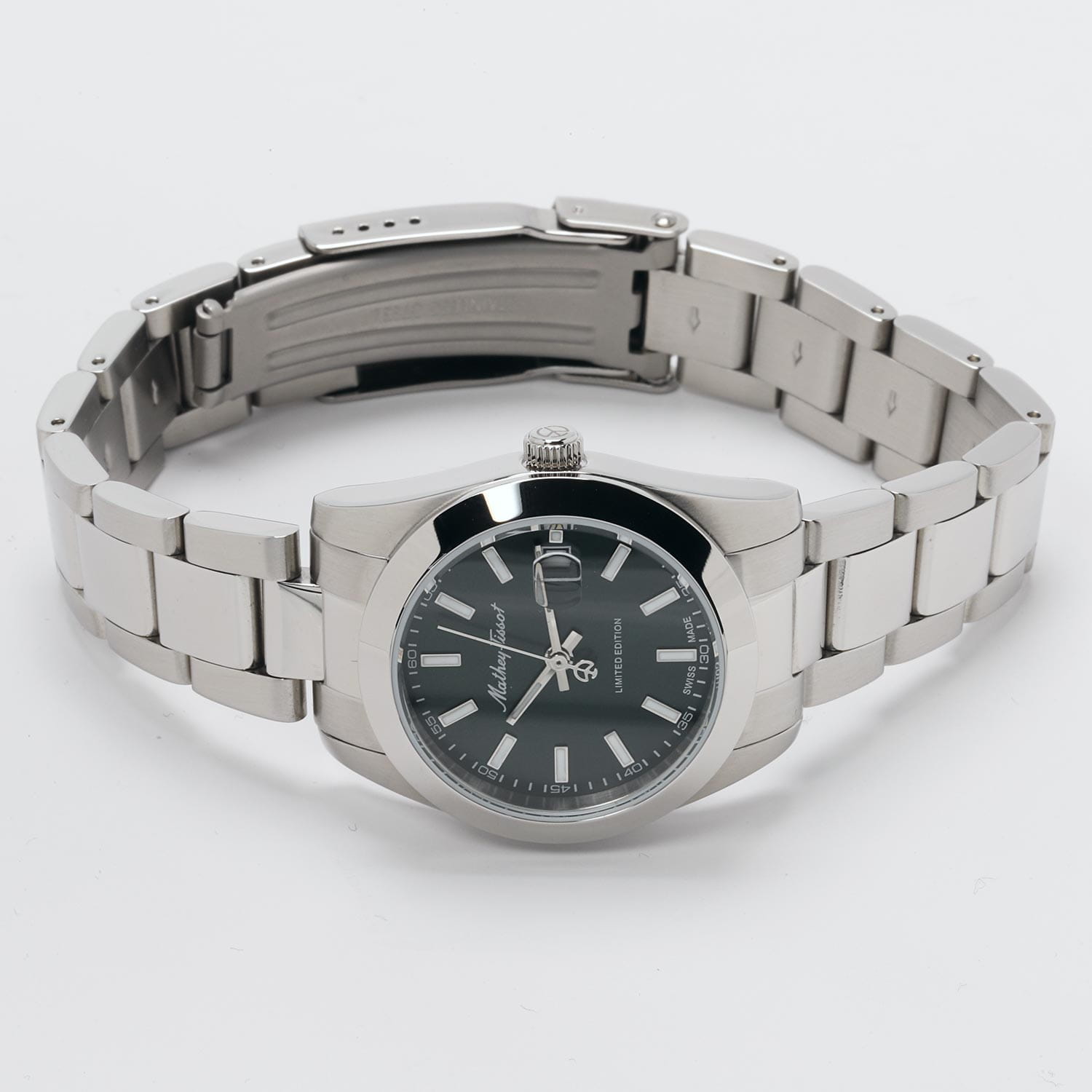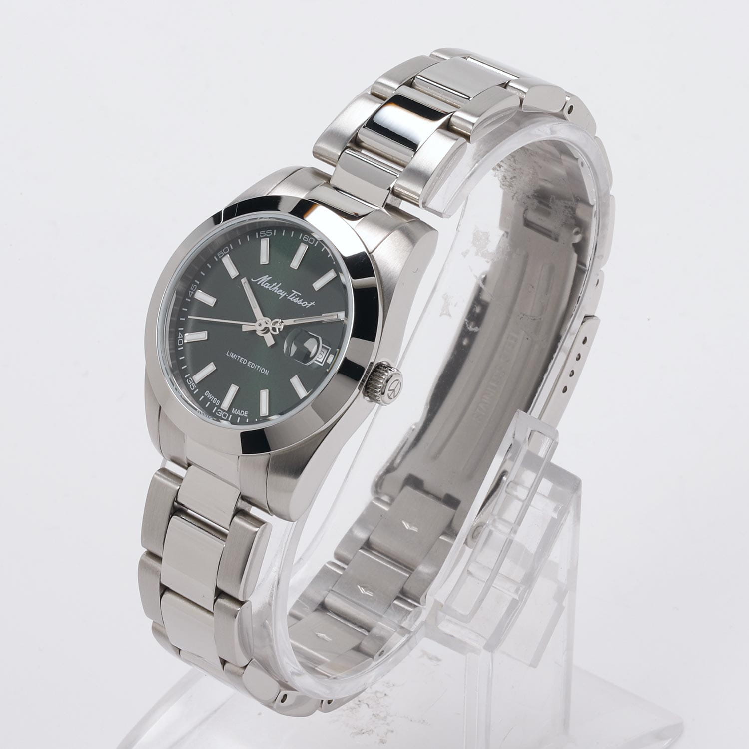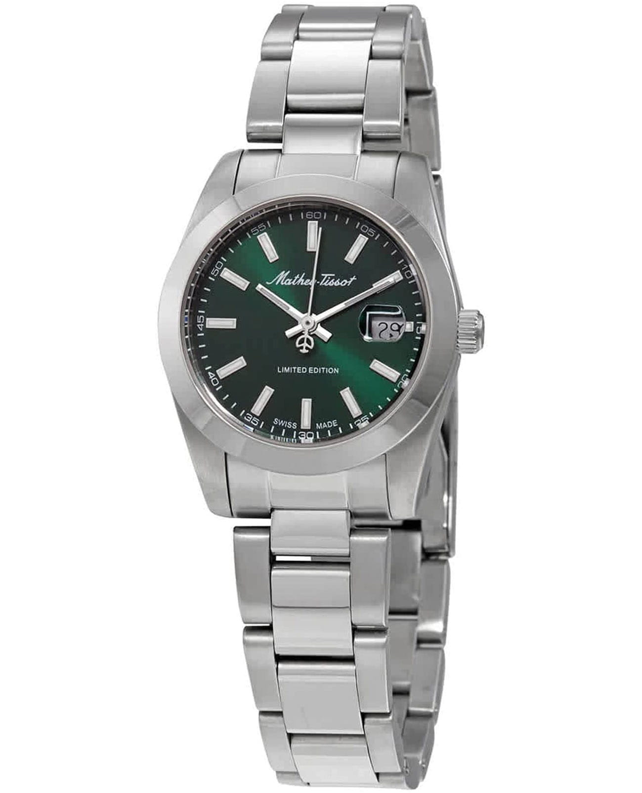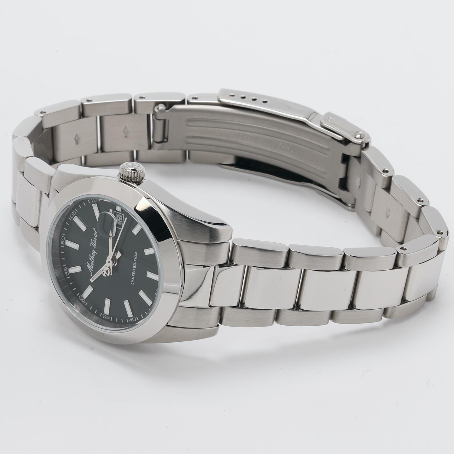 Женские кварцевые часы Mathey-Tissot Mathy D451VE — это стильное сочетание элегантности и современного дизайна. Лимитированная серия. Изящный корпус выполнен из нержавеющей стали, диаметром 32 мм, что придаст образу женственности и романтизма. Изысканный циферблат с метками в виде штрихов придает модели особый блеск. Циферблат защищен минеральным стекломМинеральное стеклоМинеральное стекло представляет собой искусственно выращенный минерал кварца. Такое стекло отличается особой устойчивостью к повреждениям и царапинам. Уступает по некоторым качествам сапфировому стеклу., обеспечивающий устойчивость к царапинам. Стрелки и метки с люминесцентным покрытиемЛюминесцентное покрытиеПозволяет считывать показания времени в темноте. Производители наносят на стрелки, часовые индексы, безель или поверхность циферблата светонакопительный состав, дающий холодное свечение.. Окошко даты находится в положении 3 часа. Часы оснащены надежным кварцевым механизмом. Стальной браслет на раскладной застёжке с фиксаторомРаскладная застёжкаТакой тип застёжки используется только на браслетах из металла. Она никогда не раскрывается полностью, происходит разделение на 2 и более частей. Раскладывающая застёжка снизит вероятность потери часов к минимуму., гарантирует комфортное и безопасное ношение. Класс водозащиты: 50 метров позволит защитить корпус от случайных брызг или капель дождя. Mathey-Tissot — отличный выбор для тех, кто ценит утонченность и качество.
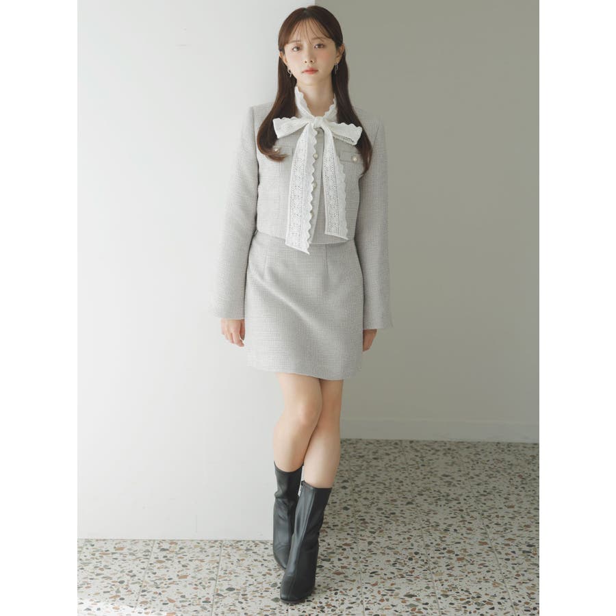 森香澄 × dazzlin(ダズリン)コラボアイテム【アイテム】 コンパクトでミニマルなデザインが愛らしいスカート。 ウエストをくびれさせたハイウエストシルエットによって目線が上に上がり、スタイルアップが叶います。 安心のインナーパンツ付きで1枚でスタイリングに取り入れやすいのも魅力です。 【スタイリング】 同素材のジャケットを合わせるとワンピース見えして、クラシカルな印象に。 単体でブラウス合わせできれいめなコーデはもちろん、韓国ライクにカットソー合わせでエッジを効かせてもカワイイです。 ▼気になるアイテムはお気に入り登録がおすすめ 入荷情報やラスト1点、お得なプライスダウンの情報をいち早くお届け! ぜひご登録ください◎ ※実際にお届けする商品と仕様やサイズが異なる場合がございます。 また生産の都合上、お届け時期が前後する場合がございます。 ▼森香澄さん他コラボアイテムはこちら・【森香澄コラボ】メッセージロゴショートプルオーバー・【森香澄コラボ】ベルスリーブショートジャケット・【森香澄コラボ】リボンモチーフボアコート・【森香澄コラボ】レースドッキングボウタイブラウス・【森香澄コラボ】ディープネックレイヤードワンピース
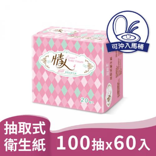 免運 情人衛生紙抽取式100抽20包3串共60入/箱 產品可沖入馬桶 易分散不堵塞
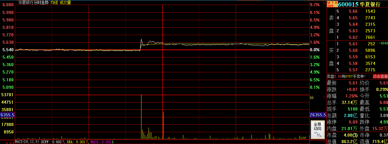 截至收盤(pán),華夏銀行報(bào)價(jià)5.61元,漲幅1.26%。
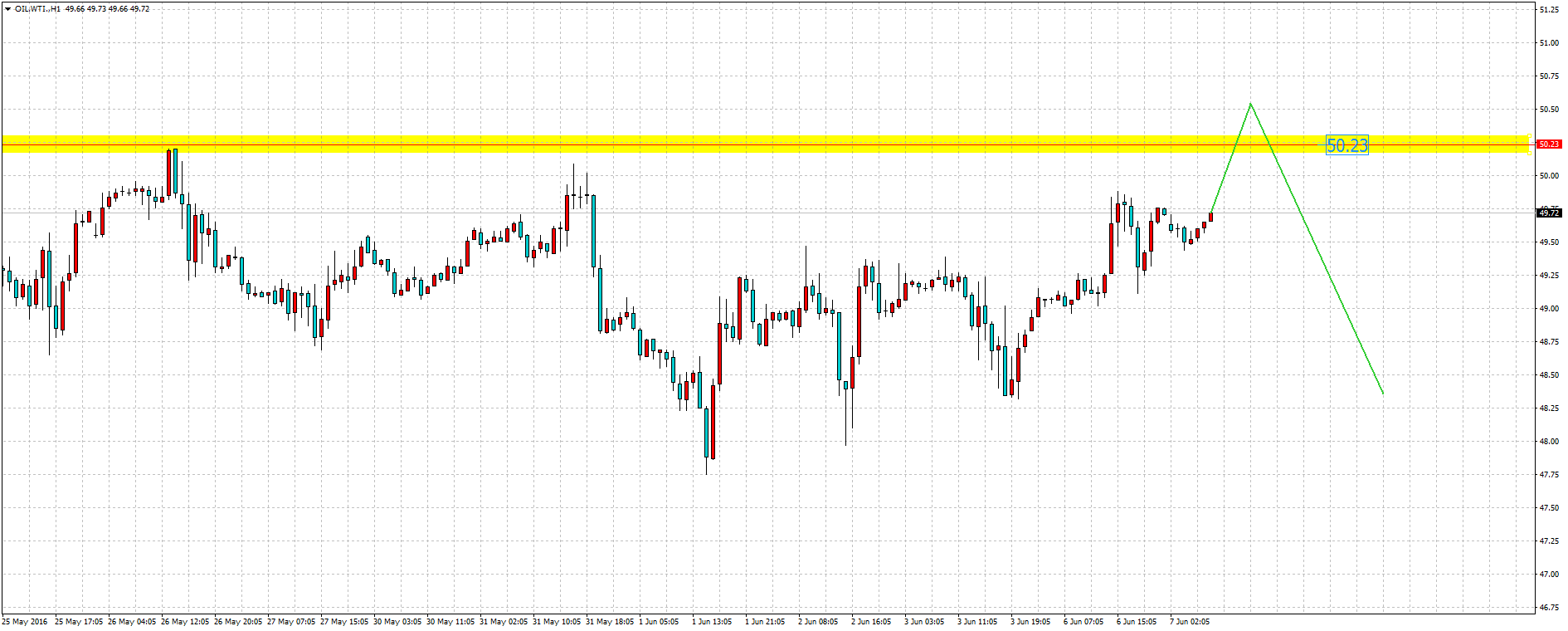 Нефть марки WTI снова приближается к важному уровню поддержки 50.23. Учитывая, что с этих ценовых уровней нефть уже неоднократно встречало объёмное сопротивление со стороны «медведей», складывается хорошая возможность для открытия коротких позиций, со стопом за уровень 50.23.
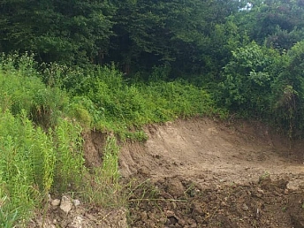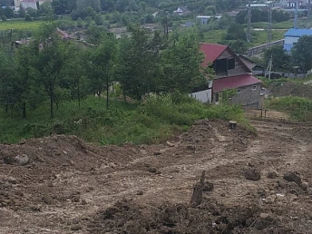 Участок граничит с лесом и имеет два жилых вагончика. Один из них оформлен как жилой дом площадью 39 кв.м. с адресом и пропиской. Также на участке имеется баня. Под основной дом выполнен цоколь на сваях размером 6×8 метров из аргелита, с отводом дренажа. На участке есть свет, вода, газ по границе. Много насаждений плодоносящих деревьев на участке. Участок граничит с лесом, соседи только с одной стороны. Межевание выполнено, все документы на землю и дом полностью готовы к продаже. Один собственник, обременений нет.
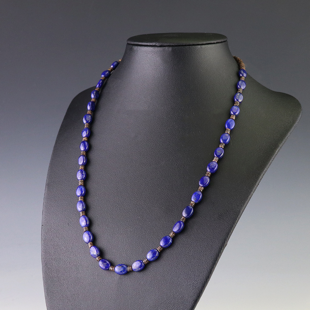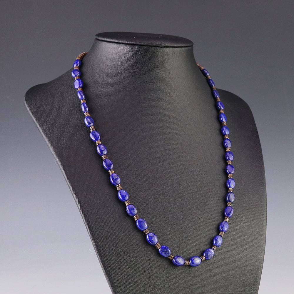 This necklace, hand made by Kewa artist Jeanette Calabaza, is a lovely statement piece. The necklace showcases fine Olive Shell and Lapis. The strand of heishi is finished off with a hook and eye. Weighs 12 grams.
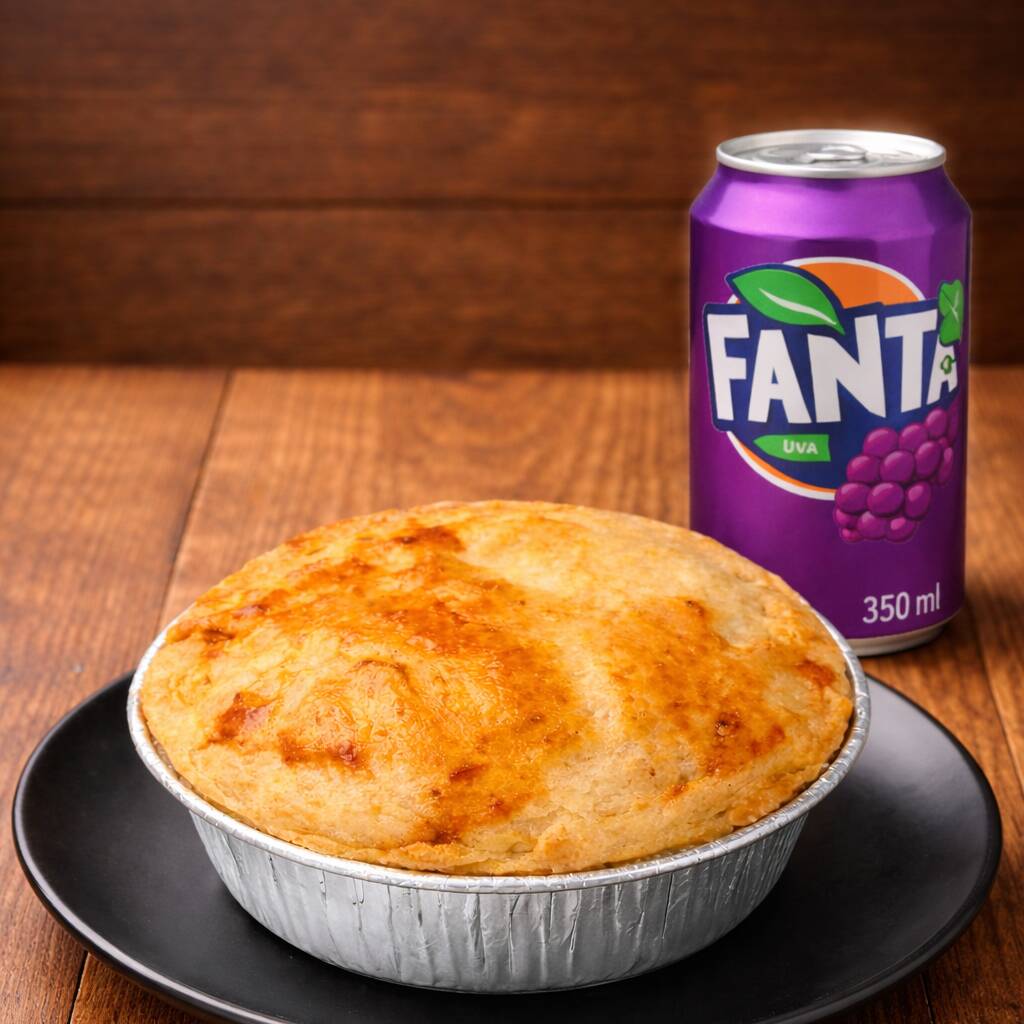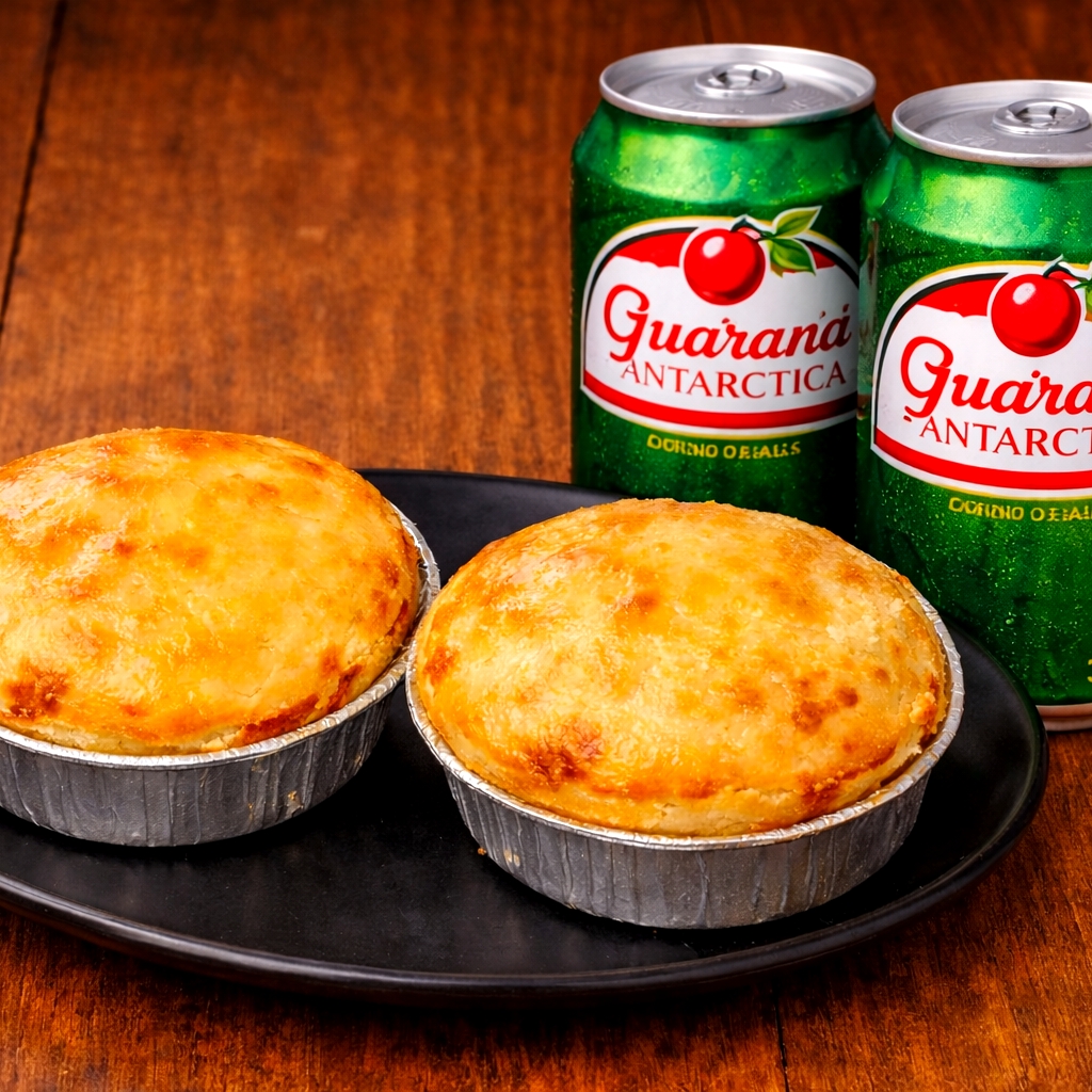 São duas tortinhas de 190 gramas aproximadamente, com um delicioso recheio de frango cremoso e um requeijão vindo direto da roça de Bonfim. Massa que derrete na boca. Quentinha e saborosa. Acompanha 2 guaraná antartica de 350 ML geladinha. Cada mordida é uma explosão de sabor 🔥
......
Copy exactly, without pictures, the lines above from the one with "Участок граничит с лесом и" down to the one with "This necklace, hand", inclusive.

REPLY
 Участок граничит с лесом и имеет два жилых вагончика. Один из них оформлен как жилой дом площадью 39 кв.м. с адресом и пропиской. Также на участке имеется баня. Под основной дом выполнен цоколь на сваях размером 6×8 метров из аргелита, с отводом дренажа. На участке есть свет, вода, газ по границе. Много насаждений плодоносящих деревьев на участке. Участок граничит с лесом, соседи только с одной стороны. Межевание выполнено, все документы на землю и дом полностью готовы к продаже. Один собственник, обременений нет.
 This necklace, hand made by Kewa artist Jeanette Calabaza, is a lovely statement piece. The necklace showcases fine Olive Shell and Lapis. The strand of heishi is finished off with a hook and eye. Weighs 12 grams.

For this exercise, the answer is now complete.